De même, on eût vainement tâché de surprendre un air de jeunesse sur la physionomie des femmes ; mariées presque toutes à des marins, elles portaient uniformément le costume noir, comme si elles ne vivaient que dans la perspective et l’inquiétude constantes du veuvage. Marinières elles-mêmes, elles avaient les jambes nues jusqu’au-dessus du genou ; leur tête était enveloppé d’un mouchoir en marmotte et surmontée d’un chapeau de paille, posé en éteignoir, avec d’épais rubans de velours.

Les régates devaient être précédées d’une course aux échasses, divertissement tout local et qui vaut la peine d’être décrit.

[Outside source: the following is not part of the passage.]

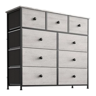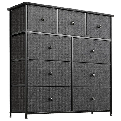 It’s more than just a pretty face. The sleek design of this REAHOME 9 Drawer Dresser will pair well with your existing furniture without sacrificing utility.With 9 drawers, 3 small and 6 big, this minimalist-designed storage chest provides all the room you need to store anything from clothes to home goods. The steel frame, wooden countertop, and fabric drawers provide a sturdy structure made from reliable materials. Adorn the top 39-inch waterproof surface with your favorite decor items. The adjustable feet and wall attachment add a level of increased safety, especially if you have climbing pets or kiddos.This organizer is ideal for storing activewear, blankets, outerwear, socks, and other clothing or home goods. Position this piece in entryways, bedrooms, living rooms, nurseries, hallways, offices, or any place that needs an injection of style.Elevate the sophistication of your space with a modern piece that is sure to impress. This 9 Drawer Storage Organizer from REAHOME has the functionality you need from a dresser while also being easy on the eye.

Nous laisserons donc Marianna rentrer seule et farouche à l’Hôtel du Globe, et nous demanderons à nos lecteurs la permission de les faire assister à la course aux échasses, sur la plage d’Eyrac. Qui sait si nous n’y rencontrerons pas quelques-uns des autres acteurs de cette histoire ?

Il y avait, comme on dit en langue hippique, six hommes et quatre femmes d’ engagés pour cette course originale. À la Teste, les femmes partagent tous les exercices des hommes. Ils étaient donc dix, dix tchankas, pour nous servir du patois landais, qu’on serait tenté de confondre avec les idiomes japonais ou chinois. Les tchankas sont les personnes montées sur des échasses ; se tchanker signifie : monter sur des échasses.